By Ioannis Patrikakis* The current state of affairs in the Euro zone clashes with the basic principles of Aristotelian Ethics philosophy. Aristotle is describing a “flourishing state of the mind,” (Evdaimonia), as the perfect aspiration for all human beings.
After the Greek bond bubble ended chaotically in 2009 and the irresponsible former Greek finance minister–George Papakonstantinou–stated publicly that the Greek economy was sinking like the titanic, a part of the German Political elite imposed an unproductive era in the history of Europe; a new era of extreme austerity for many of its European Partners which cannot be sustained by facts, logic and economic science, but only via a political power game.
Schauble rejects a Greek bond haircut
Wolfgang Schauble is the Architect of extreme austerity which is a blend of Economic policies that deprives of the real economy of an indebted Country like Greece, any chance of growth by not providing the essential liquidity needed for businesses and households to operate productively. This creates a death spiral for any economy because the violent reduction in total demand creates Unemployment and reduces real incomes. This in turn creates a problematic banking sector because loans cannot be serviced by the deeply hurt real economy. In addition, Government revenues collapse and the national debt becomes unsustainable. The hubris is completed with the imposition of new unfair taxes to the extent that one cannot achieve his economic aspirations that provide psychological security, emotional fulfillment and a sense of hope for the future.

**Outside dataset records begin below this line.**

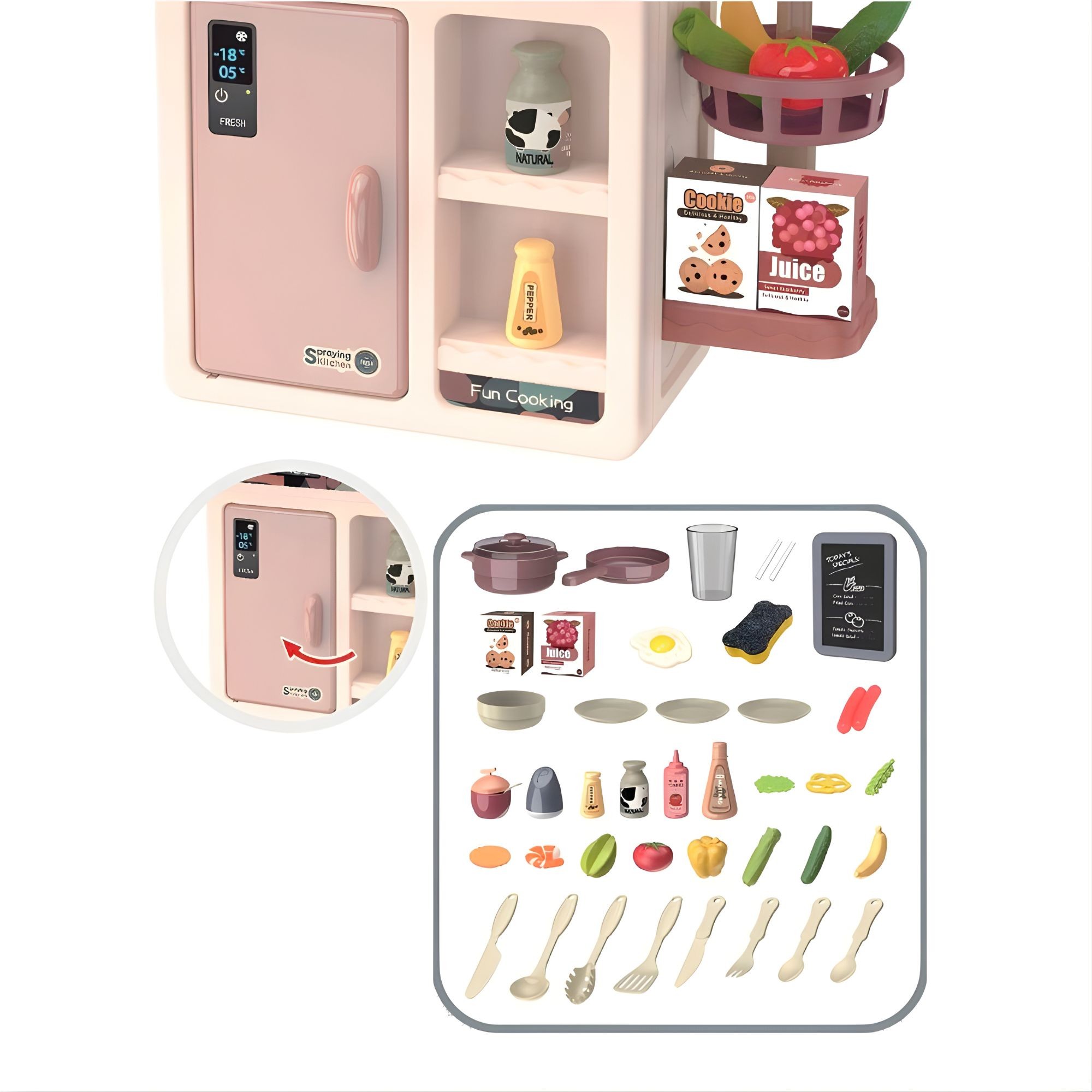 Bucataria vine cu 42 de accesorii, inclusiv ustensile, alimente de jucarie, fructe si legume, oferind tot ce este necesar pentru a crea diferite scenarii de gatit si servire a mesei.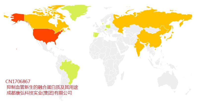 在獲獎專利中,同族數(shù)量排名第一的是成都康弘科技實業(yè)(集團)有限公司的【CN1706867-抑制血管新生的融合蛋白質(zhì)及其用途】,該專利不僅經(jīng)歷過無效考研,還擁有多達(dá)25個專利族,在14個國家獲得了授權(quán)。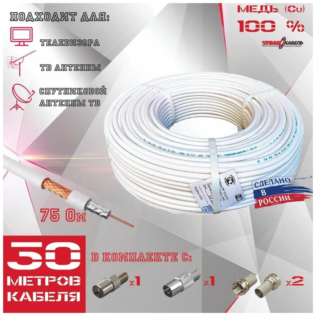 Высококачественный внутренний коаксиальный (антенный телевизионный) кабель РК 75-4,3-31 для передачи видео 50 метров

An economic crisis in Europe is turning into a humanitarian one for some of its members, as the substantial reduction of real incomes has created third-world unemployment, economic depression; bankruptcies for businesses and households; political instability; social division; family tragedies, and above all the absence of hope for the future.

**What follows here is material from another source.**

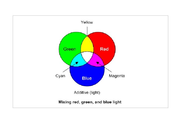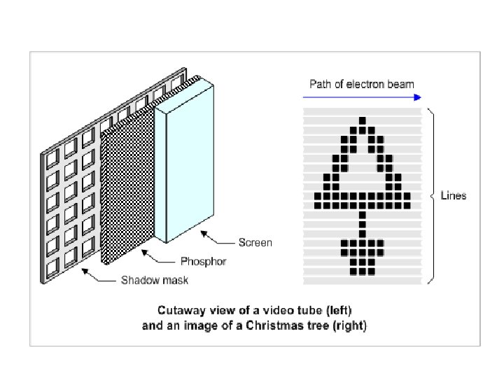 Coloured Display § Each of these dots has its own hole in the shadow mask, and each dot is formed from a different phosphor, which is chosen to fluoresce with that color. § Three electron guns, one to stimulate the red dots, one for the green, and one for the blue. The three electron beams scan across the screen together, but the intensity of each beam can be varied independently.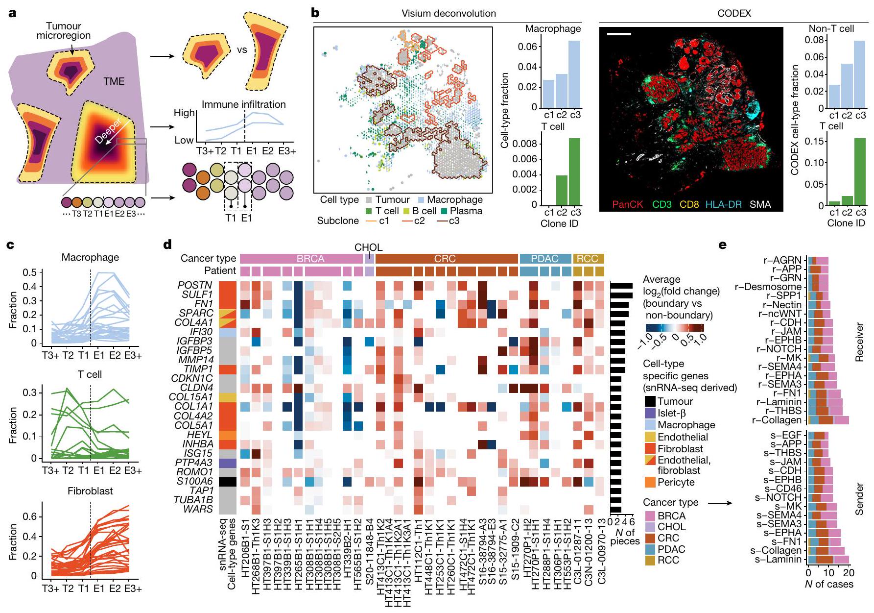 استخدمنا التعيينات الطبقية الموصوفة أعلاه لتحديد ما إذا كان التسلل يظهر أنماطاً مكانية، وحددنا ست مناطق مرتبة من مركز الورم إلى TME: T3+، T2، T1، E1، E2 وE3+. أظهرت هذه الاتجاه التنازلي المتوقع لخلايا الورم (بيانات موسعة الشكل 9ب)، ولكن أنماط مختلفة للخلايا غير الورمية. تجمعت البلعميات خارج الورم في E1 وE2، بينما أظهرت خلايا T تسللاً مباشرة خارج (E1 وE2) وداخل الورم (T1 وT2) (الشكل 3ج). كانت كل من نسب البلعميات وخلايا T منخفضة في TME البعيد (الطبقة E3+) حيث تهيمن الخلايا الليفية، وهو ملاحظة مدعومة ببيانات CODEX (بيانات موسعة الشكل 9ج). مع مسافة بين الطبقات تبلغ فقط، تشير ملاحظتنا إلى أن هناك تجنيداً مكانياً قوياً للخلايا المناعية بواسطة الأورام على المستوى المجهري.

The current problem with Europe’s monetary union, is that Germany seems to be indirectly gaining an absolute competitive advantage in the form of a depreciated currency and cheap credit from the markets, by creating a new euro zone business model that favors only the Germans in the short run, and will inevitably lead to the destruction of the euro zone sometime in the future. Germany’s surpluses after 2001 illustrate the beneficiary effect of the euro on the German Economy. Germany is able to sell its quality cars and products for 1.35 versus the USD instead of 1.80-2 if the Deutsche Mark was the case.
Source: Paul Krugman
While the German stock market is trading near an all time high, the rest of the euro zone is being infected with the austerity virus that is impairing the fundamentals of the European and the world economy. The last victim is France as data showed a surprising drop of the French Gross domestic product which fell 0.1% in the third quarter from growth of 0.5% in the previous quarter. Germany will soon feel the pain of its own policies as it still exports 57% of its products to the rest of the weakened Euro zone members. It is already showing slower growth this quarter, 0.3% VS 0.7 % in the previous quarter.
The new government that will be formed in Germany has a chance to restore the hope and the confidence in Europe’s vision if the German political elite reduces its egoism and focuses in designing policies that aim at full employment and Economic Growth for the entire euro zone. These policies must use financial innovation as a major tool to create effective credit products that will inject the necessary liquidity into the real economy of indebted countries like Greece, Italy and Spain in order to reduce unemployment, increase total demand and expand business activity.
In Greece 60 billion euro of non-performing loans have accumulated. The real economy is suffocating with high taxes and zombie banks cannot support the economy. An immediate stimulus is needed to inject at least 25 to 30 billion in to the real economy or else the government will collapse in the following months having a fragile majority in the Greek parliament. The troika proposed that the pharmaceutical spending should be cut more, and that the appropriate cost for every Greek would be to spend 45% less than the European average. This will of course create shortages in medicine, but at the moment troika focuses more on the numbers rather than the life-expectancy and the health of the Greek citizens. Greece is systemic for the euro. A continuation of the current policies is causing emotional chaos among the society and will inevitably lead to national elections soon and political uncertainty. Euro zone break up risks will emerge again.
On the other hand, government sector reforms will be completed in countries like Greece and Italy only if Germany provides incentives by supporting a new Stimulus-Marshall plan in return for the painful reforms that will boost efficiency and increase competitiveness in these countries. This will be a win-win scenario for the euro zone since the Germans will save the euro and will therefore maintain a cheap currency, while their partners will again feel after years–that Europe is mostly a political union of solidarity and stability and not of self-interest.
Accidentally or deliberately, a minority of politicians influenced from Schauble, imposed a “hope ceiling” for many countries of the euro zone like Greece, Spain, Italy, and Portugal; a limit on the ability of their citizens to even dream and hope about a more prosperous future for them and their families. George Soros defines the European Union as “a voluntary association of equal states that surrendered part of their sovereignty for the common good.” This union, for many of its members, is now admittedly failing to justify the philosophical foundations under which it has been voluntarily constructed. This has to be reversed immediately.
*Ioannis Patrikakis is an economist and entrepreneur based in Athens, Greece.